Swykert

 

THE PRECARIOUS LIFE OF ANIMALS

David Swykert

I smiled as I looked out my kitchen door onto the back stoop. Five young kittens, two black, two black and white, one spotted with a black face, graced the steps to my doorway. Their food bowl was empty and they begged with pathetic meows. 

The young feral kitten’s mother has disappeared. I had fed her all winter while they slept in the warm ocean in her belly. I filled her stomach with nourishment, for her, and for them. Now they are here and she is nowhere to be found. Just like that she is gone, here one morning brimming with life and its incumbent hunger, and now just a wisp of thought, nowhere to be seen, as invisible as yesterday. 

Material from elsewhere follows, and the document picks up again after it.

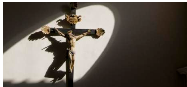
Outside St. Dominic's Cell, Santa Sabina, Rome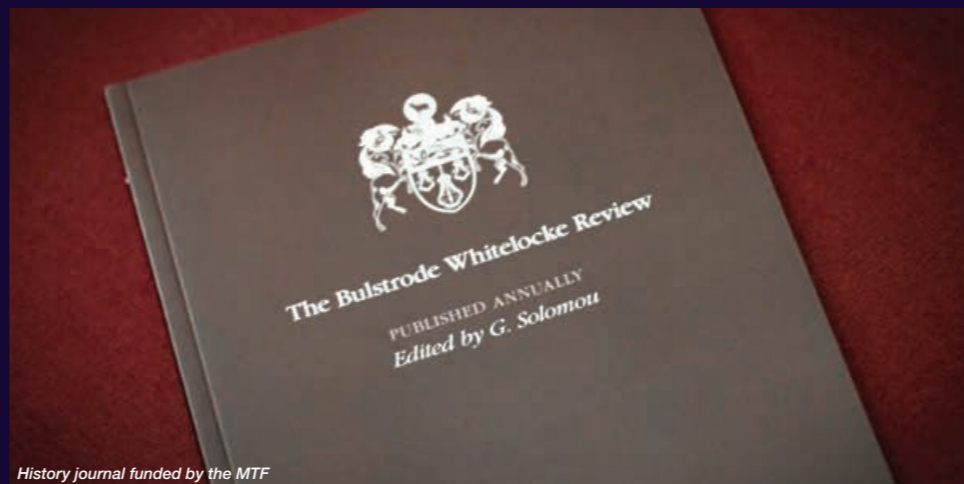
History journal funded by the MTF

“Are you going to feed every stray cat in the world, Arline?” John asked.

“Just the hungry ones.”

“Are there any other kind?”

John is a good husband, his concern is one of practicality, not cruelty. My concern for the cats is unknown, I have no agenda, no motive or boundaries. I simply see them, they look at me, and I know I’m going to feed them. I have always been fascinated by the creatures of our planet, our commonality with them. The basic truth of intelligent design isn’t palatable to most people’s delicate sensibilities. The reality of life on this planet is pretty elementary, we are tribes of carbon based creatures running around killing and eating one another. This is difficult for us to accept, we prefer a fictionalized existence of fairytale bliss as opposed to actuality.

“Cats are not all the same, once their hunger is satisfied they each have personalities as distinct as ours. But when they are hungry, they have one dimension, hunger,” I answered.

“How much cat food are we going through? How many cans every day?”

“Why does it matter?”

“Because we have to pay for them.”

Sometimes the best answer to a question is a question. “I’d like to know where their mother is, I haven’t seen her in weeks.” 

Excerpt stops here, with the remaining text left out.